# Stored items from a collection
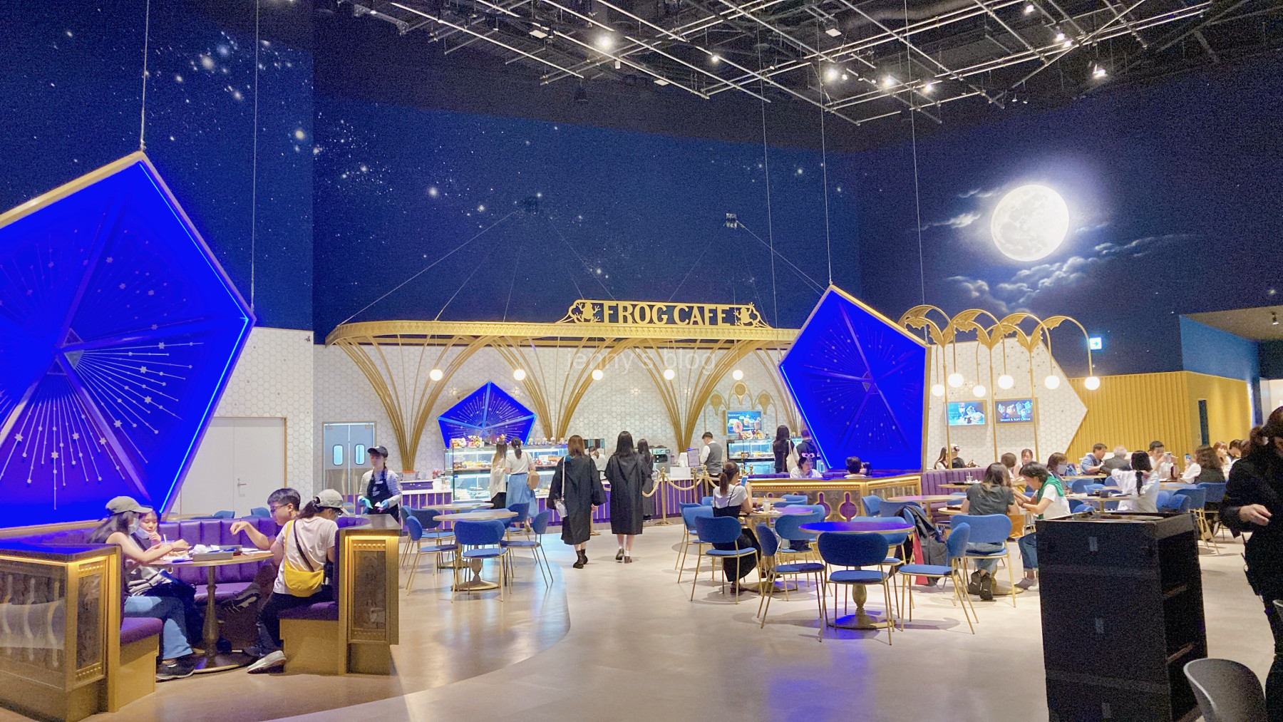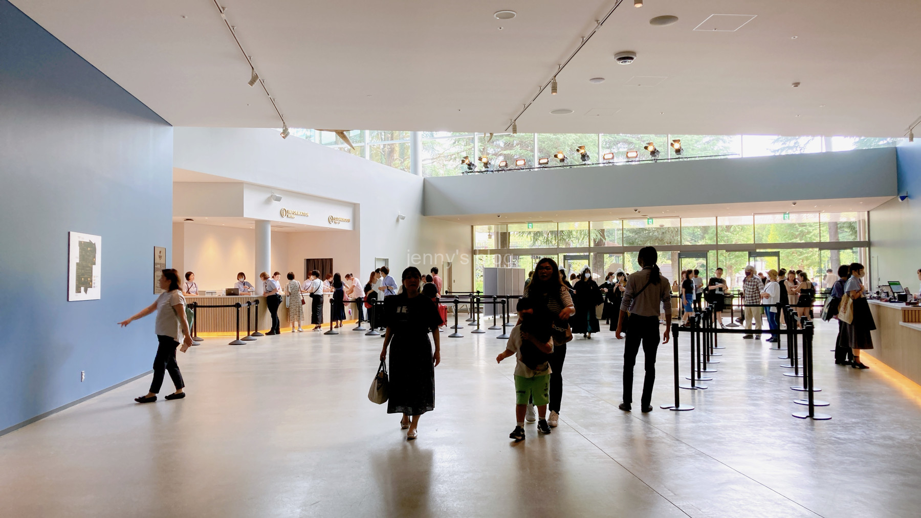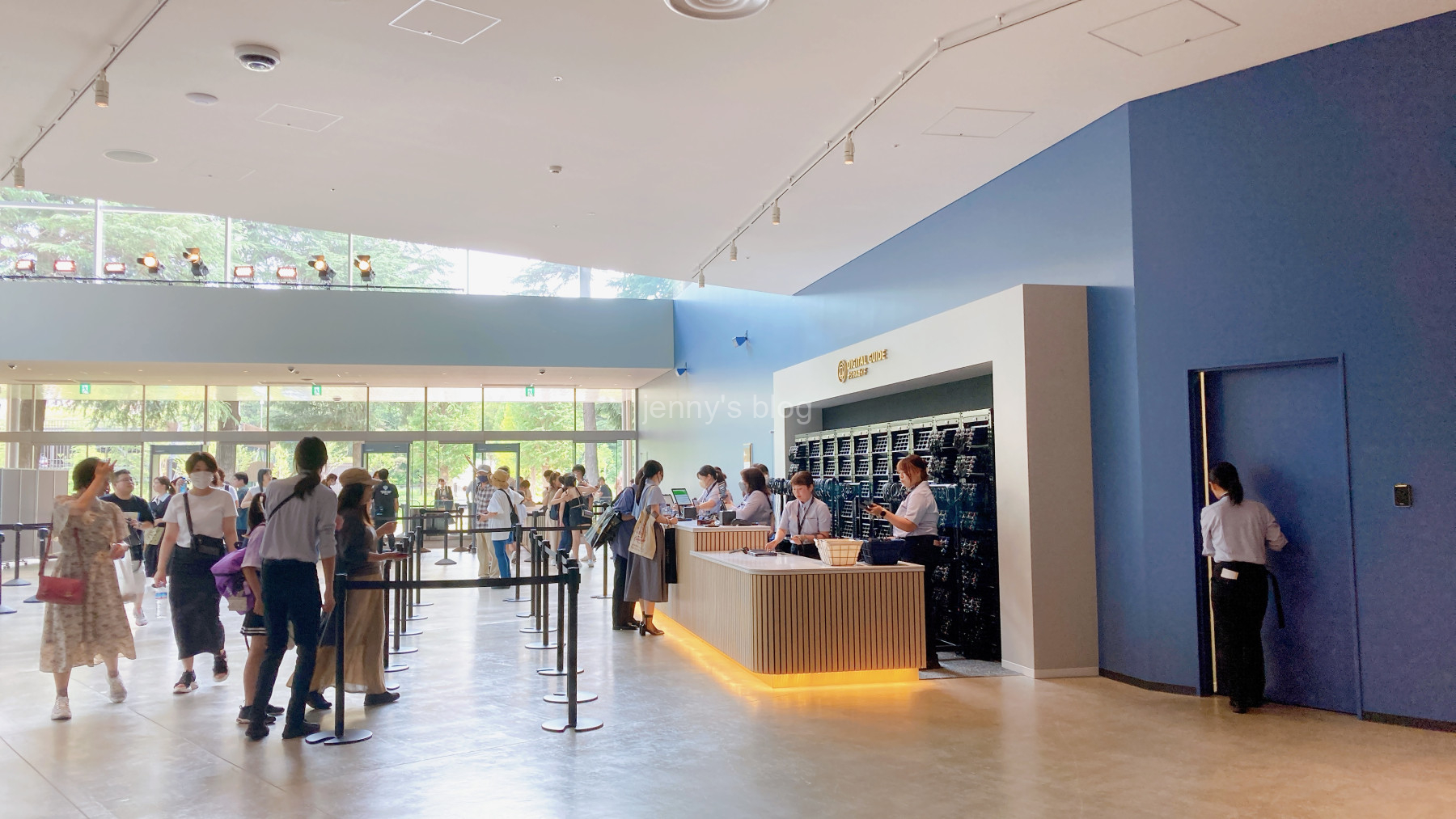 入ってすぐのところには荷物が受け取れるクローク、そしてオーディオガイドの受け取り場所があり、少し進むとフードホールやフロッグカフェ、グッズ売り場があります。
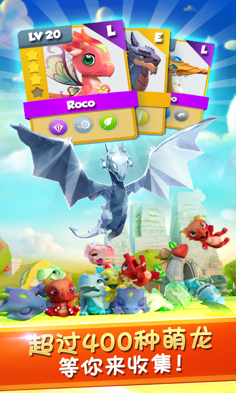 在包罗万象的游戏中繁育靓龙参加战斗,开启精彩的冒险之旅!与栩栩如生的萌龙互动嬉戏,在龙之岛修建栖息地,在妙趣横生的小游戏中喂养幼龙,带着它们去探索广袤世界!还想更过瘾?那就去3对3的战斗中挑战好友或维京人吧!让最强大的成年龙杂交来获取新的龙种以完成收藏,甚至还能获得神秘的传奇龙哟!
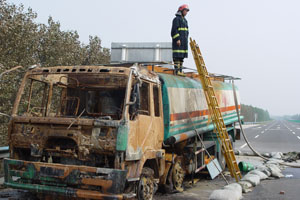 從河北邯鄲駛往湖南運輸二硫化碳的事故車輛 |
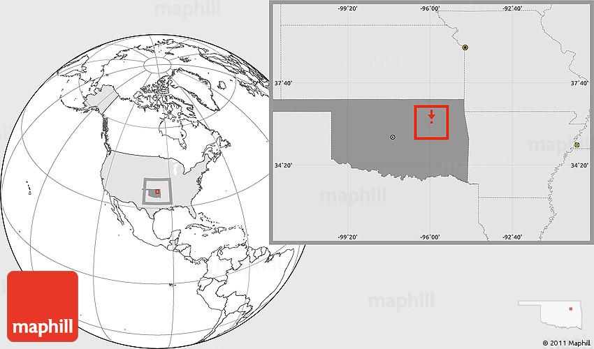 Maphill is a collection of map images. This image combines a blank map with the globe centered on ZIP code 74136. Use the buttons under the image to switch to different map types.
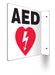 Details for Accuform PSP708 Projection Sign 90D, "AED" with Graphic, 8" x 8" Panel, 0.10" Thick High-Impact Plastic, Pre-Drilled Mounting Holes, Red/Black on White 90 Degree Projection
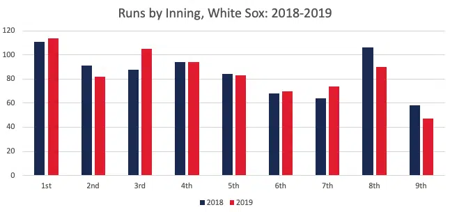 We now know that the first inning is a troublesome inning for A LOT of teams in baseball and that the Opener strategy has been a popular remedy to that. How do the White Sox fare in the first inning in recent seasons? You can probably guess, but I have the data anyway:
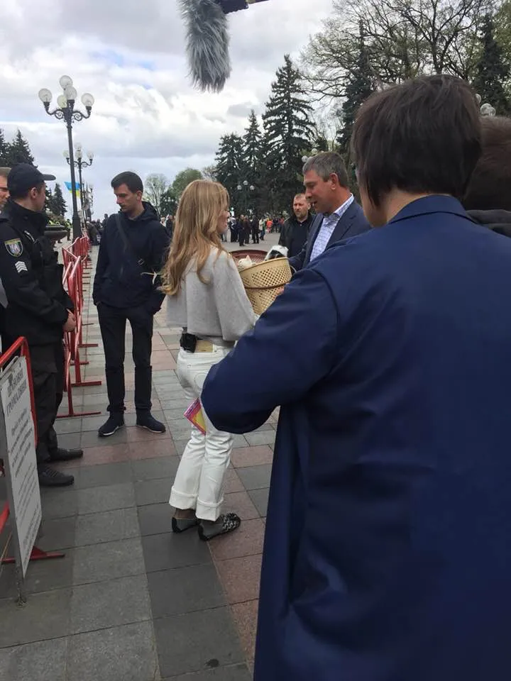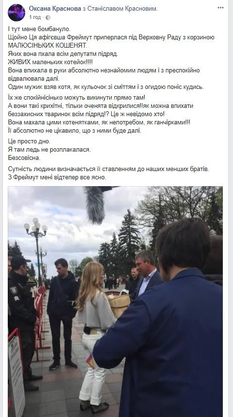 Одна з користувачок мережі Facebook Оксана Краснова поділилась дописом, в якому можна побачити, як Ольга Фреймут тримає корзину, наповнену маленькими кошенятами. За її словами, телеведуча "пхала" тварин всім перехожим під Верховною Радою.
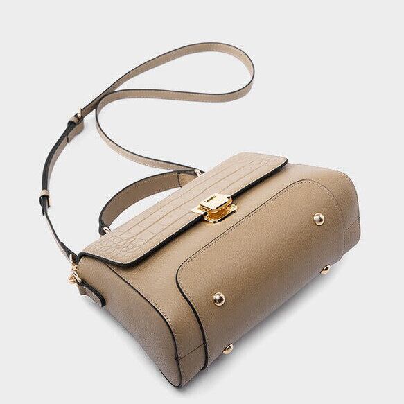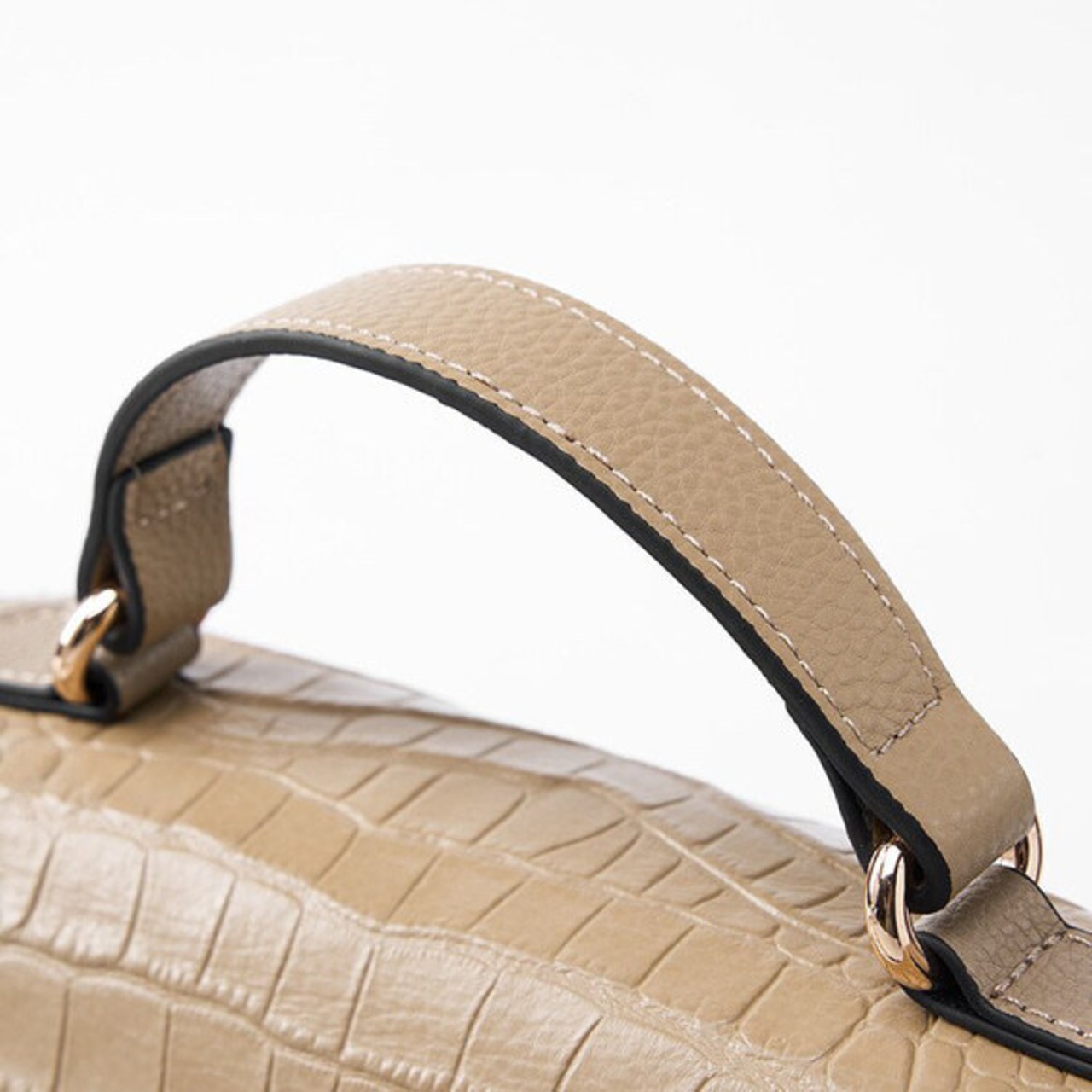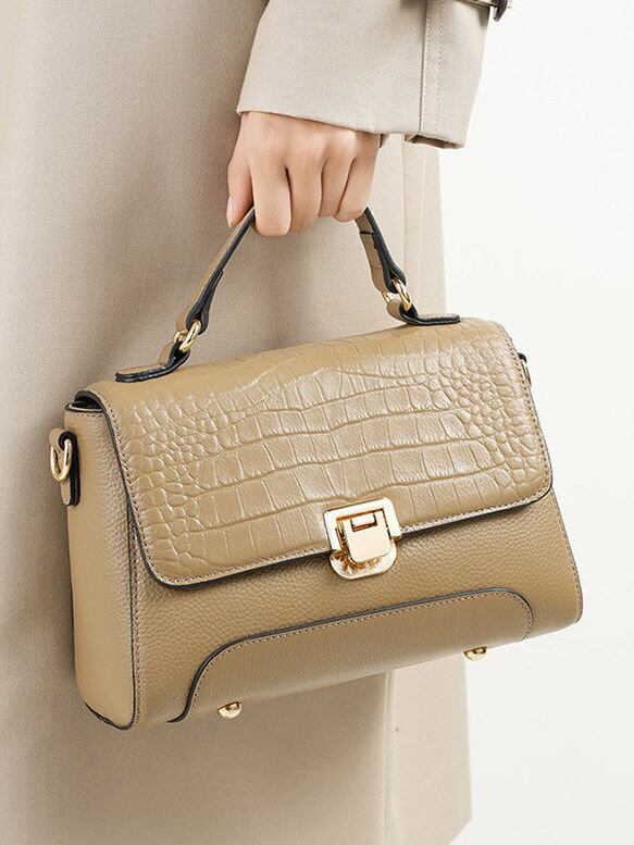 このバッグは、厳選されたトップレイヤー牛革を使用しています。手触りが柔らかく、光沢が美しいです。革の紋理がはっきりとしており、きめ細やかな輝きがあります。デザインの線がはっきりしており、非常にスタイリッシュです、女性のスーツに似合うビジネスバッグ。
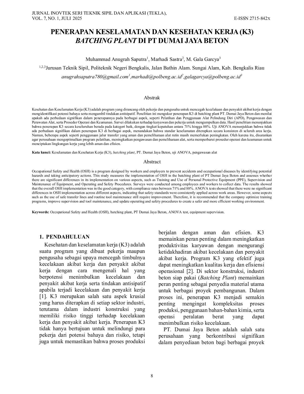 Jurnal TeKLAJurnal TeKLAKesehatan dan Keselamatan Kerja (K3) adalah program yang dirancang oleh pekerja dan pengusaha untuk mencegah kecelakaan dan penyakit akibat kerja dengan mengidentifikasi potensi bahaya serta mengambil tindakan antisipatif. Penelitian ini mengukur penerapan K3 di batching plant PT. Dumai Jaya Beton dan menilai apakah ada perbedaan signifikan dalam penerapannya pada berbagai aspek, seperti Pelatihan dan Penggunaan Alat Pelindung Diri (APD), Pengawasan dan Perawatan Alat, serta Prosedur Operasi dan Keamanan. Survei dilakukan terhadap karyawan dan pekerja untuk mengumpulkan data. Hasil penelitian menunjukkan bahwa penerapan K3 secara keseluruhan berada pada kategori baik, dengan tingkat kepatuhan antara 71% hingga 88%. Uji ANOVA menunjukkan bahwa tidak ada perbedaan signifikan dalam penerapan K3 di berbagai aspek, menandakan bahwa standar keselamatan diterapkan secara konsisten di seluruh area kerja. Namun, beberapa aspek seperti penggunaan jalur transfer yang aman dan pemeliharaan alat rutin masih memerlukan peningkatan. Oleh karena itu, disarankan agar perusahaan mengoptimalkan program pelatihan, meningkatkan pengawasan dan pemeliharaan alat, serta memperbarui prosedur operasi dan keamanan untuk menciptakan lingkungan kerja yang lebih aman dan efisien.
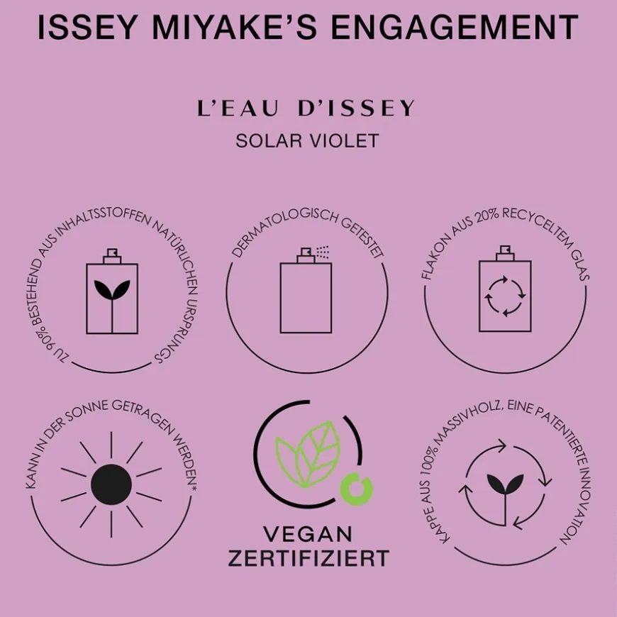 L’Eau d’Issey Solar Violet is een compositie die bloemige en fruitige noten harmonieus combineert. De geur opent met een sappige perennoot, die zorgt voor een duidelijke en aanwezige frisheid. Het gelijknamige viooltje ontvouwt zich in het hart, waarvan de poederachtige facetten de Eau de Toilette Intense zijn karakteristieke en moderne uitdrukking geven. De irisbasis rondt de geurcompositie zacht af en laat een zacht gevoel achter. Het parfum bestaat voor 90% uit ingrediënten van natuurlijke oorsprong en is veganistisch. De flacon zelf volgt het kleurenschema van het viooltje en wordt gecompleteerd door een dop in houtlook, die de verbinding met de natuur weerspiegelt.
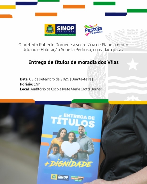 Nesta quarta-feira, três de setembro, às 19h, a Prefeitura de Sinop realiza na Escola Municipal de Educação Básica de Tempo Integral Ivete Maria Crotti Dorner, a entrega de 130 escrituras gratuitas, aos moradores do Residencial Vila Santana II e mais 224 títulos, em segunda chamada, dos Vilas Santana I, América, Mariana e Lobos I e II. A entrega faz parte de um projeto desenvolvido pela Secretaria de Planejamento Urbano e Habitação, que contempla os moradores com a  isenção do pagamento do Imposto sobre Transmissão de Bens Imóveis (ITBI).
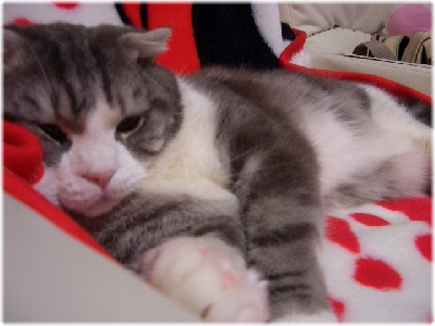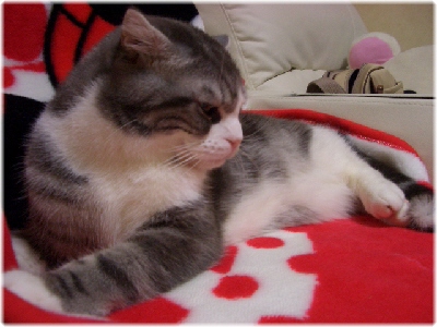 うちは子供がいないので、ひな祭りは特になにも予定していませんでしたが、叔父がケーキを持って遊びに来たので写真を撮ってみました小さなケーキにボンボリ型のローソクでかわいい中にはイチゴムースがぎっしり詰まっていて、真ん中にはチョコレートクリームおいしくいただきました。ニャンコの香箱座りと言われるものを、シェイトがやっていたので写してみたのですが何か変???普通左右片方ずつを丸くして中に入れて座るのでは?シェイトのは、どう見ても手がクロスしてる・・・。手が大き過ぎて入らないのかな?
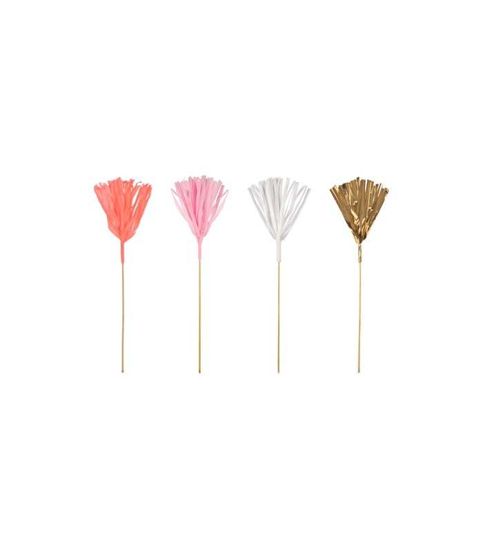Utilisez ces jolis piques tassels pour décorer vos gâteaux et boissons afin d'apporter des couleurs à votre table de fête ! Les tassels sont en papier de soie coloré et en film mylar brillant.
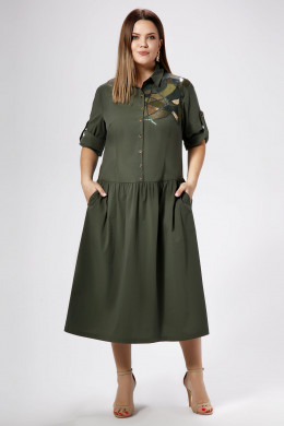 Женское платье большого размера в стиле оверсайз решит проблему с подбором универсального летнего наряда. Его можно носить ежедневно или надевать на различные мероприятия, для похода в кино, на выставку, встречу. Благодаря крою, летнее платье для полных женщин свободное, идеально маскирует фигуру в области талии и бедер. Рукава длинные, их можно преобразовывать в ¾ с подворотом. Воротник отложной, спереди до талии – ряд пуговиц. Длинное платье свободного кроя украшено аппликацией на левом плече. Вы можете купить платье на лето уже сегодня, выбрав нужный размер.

# Aim of the exercise
Quote every record above exactly, omitting any pictures they contain.

# Response to the exercise
 入ってすぐのところには荷物が受け取れるクローク、そしてオーディオガイドの受け取り場所があり、少し進むとフードホールやフロッグカフェ、グッズ売り場があります。
 在包罗万象的游戏中繁育靓龙参加战斗,开启精彩的冒险之旅!与栩栩如生的萌龙互动嬉戏,在龙之岛修建栖息地,在妙趣横生的小游戏中喂养幼龙,带着它们去探索广袤世界!还想更过瘾?那就去3对3的战斗中挑战好友或维京人吧!让最强大的成年龙杂交来获取新的龙种以完成收藏,甚至还能获得神秘的传奇龙哟!
 從河北邯鄲駛往湖南運輸二硫化碳的事故車輛 |
 Maphill is a collection of map images. This image combines a blank map with the globe centered on ZIP code 74136. Use the buttons under the image to switch to different map types.
 Details for Accuform PSP708 Projection Sign 90D, "AED" with Graphic, 8" x 8" Panel, 0.10" Thick High-Impact Plastic, Pre-Drilled Mounting Holes, Red/Black on White 90 Degree Projection
 We now know that the first inning is a troublesome inning for A LOT of teams in baseball and that the Opener strategy has been a popular remedy to that. How do the White Sox fare in the first inning in recent seasons? You can probably guess, but I have the data anyway:
 Одна з користувачок мережі Facebook Оксана Краснова поділилась дописом, в якому можна побачити, як Ольга Фреймут тримає корзину, наповнену маленькими кошенятами. За її словами, телеведуча "пхала" тварин всім перехожим під Верховною Радою.
 このバッグは、厳選されたトップレイヤー牛革を使用しています。手触りが柔らかく、光沢が美しいです。革の紋理がはっきりとしており、きめ細やかな輝きがあります。デザインの線がはっきりしており、非常にスタイリッシュです、女性のスーツに似合うビジネスバッグ。
 Jurnal TeKLAJurnal TeKLAKesehatan dan Keselamatan Kerja (K3) adalah program yang dirancang oleh pekerja dan pengusaha untuk mencegah kecelakaan dan penyakit akibat kerja dengan mengidentifikasi potensi bahaya serta mengambil tindakan antisipatif. Penelitian ini mengukur penerapan K3 di batching plant PT. Dumai Jaya Beton dan menilai apakah ada perbedaan signifikan dalam penerapannya pada berbagai aspek, seperti Pelatihan dan Penggunaan Alat Pelindung Diri (APD), Pengawasan dan Perawatan Alat, serta Prosedur Operasi dan Keamanan. Survei dilakukan terhadap karyawan dan pekerja untuk mengumpulkan data. Hasil penelitian menunjukkan bahwa penerapan K3 secara keseluruhan berada pada kategori baik, dengan tingkat kepatuhan antara 71% hingga 88%. Uji ANOVA menunjukkan bahwa tidak ada perbedaan signifikan dalam penerapan K3 di berbagai aspek, menandakan bahwa standar keselamatan diterapkan secara konsisten di seluruh area kerja. Namun, beberapa aspek seperti penggunaan jalur transfer yang aman dan pemeliharaan alat rutin masih memerlukan peningkatan. Oleh karena itu, disarankan agar perusahaan mengoptimalkan program pelatihan, meningkatkan pengawasan dan pemeliharaan alat, serta memperbarui prosedur operasi dan keamanan untuk menciptakan lingkungan kerja yang lebih aman dan efisien.
 L’Eau d’Issey Solar Violet is een compositie die bloemige en fruitige noten harmonieus combineert. De geur opent met een sappige perennoot, die zorgt voor een duidelijke en aanwezige frisheid. Het gelijknamige viooltje ontvouwt zich in het hart, waarvan de poederachtige facetten de Eau de Toilette Intense zijn karakteristieke en moderne uitdrukking geven. De irisbasis rondt de geurcompositie zacht af en laat een zacht gevoel achter. Het parfum bestaat voor 90% uit ingrediënten van natuurlijke oorsprong en is veganistisch. De flacon zelf volgt het kleurenschema van het viooltje en wordt gecompleteerd door een dop in houtlook, die de verbinding met de natuur weerspiegelt.
 Nesta quarta-feira, três de setembro, às 19h, a Prefeitura de Sinop realiza na Escola Municipal de Educação Básica de Tempo Integral Ivete Maria Crotti Dorner, a entrega de 130 escrituras gratuitas, aos moradores do Residencial Vila Santana II e mais 224 títulos, em segunda chamada, dos Vilas Santana I, América, Mariana e Lobos I e II. A entrega faz parte de um projeto desenvolvido pela Secretaria de Planejamento Urbano e Habitação, que contempla os moradores com a  isenção do pagamento do Imposto sobre Transmissão de Bens Imóveis (ITBI).
 うちは子供がいないので、ひな祭りは特になにも予定していませんでしたが、叔父がケーキを持って遊びに来たので写真を撮ってみました小さなケーキにボンボリ型のローソクでかわいい中にはイチゴムースがぎっしり詰まっていて、真ん中にはチョコレートクリームおいしくいただきました。ニャンコの香箱座りと言われるものを、シェイトがやっていたので写してみたのですが何か変???普通左右片方ずつを丸くして中に入れて座るのでは?シェイトのは、どう見ても手がクロスしてる・・・。手が大き過ぎて入らないのかな?
Utilisez ces jolis piques tassels pour décorer vos gâteaux et boissons afin d'apporter des couleurs à votre table de fête ! Les tassels sont en papier de soie coloré et en film mylar brillant.
 Женское платье большого размера в стиле оверсайз решит проблему с подбором универсального летнего наряда. Его можно носить ежедневно или надевать на различные мероприятия, для похода в кино, на выставку, встречу. Благодаря крою, летнее платье для полных женщин свободное, идеально маскирует фигуру в области талии и бедер. Рукава длинные, их можно преобразовывать в ¾ с подворотом. Воротник отложной, спереди до талии – ряд пуговиц. Длинное платье свободного кроя украшено аппликацией на левом плече. Вы можете купить платье на лето уже сегодня, выбрав нужный размер.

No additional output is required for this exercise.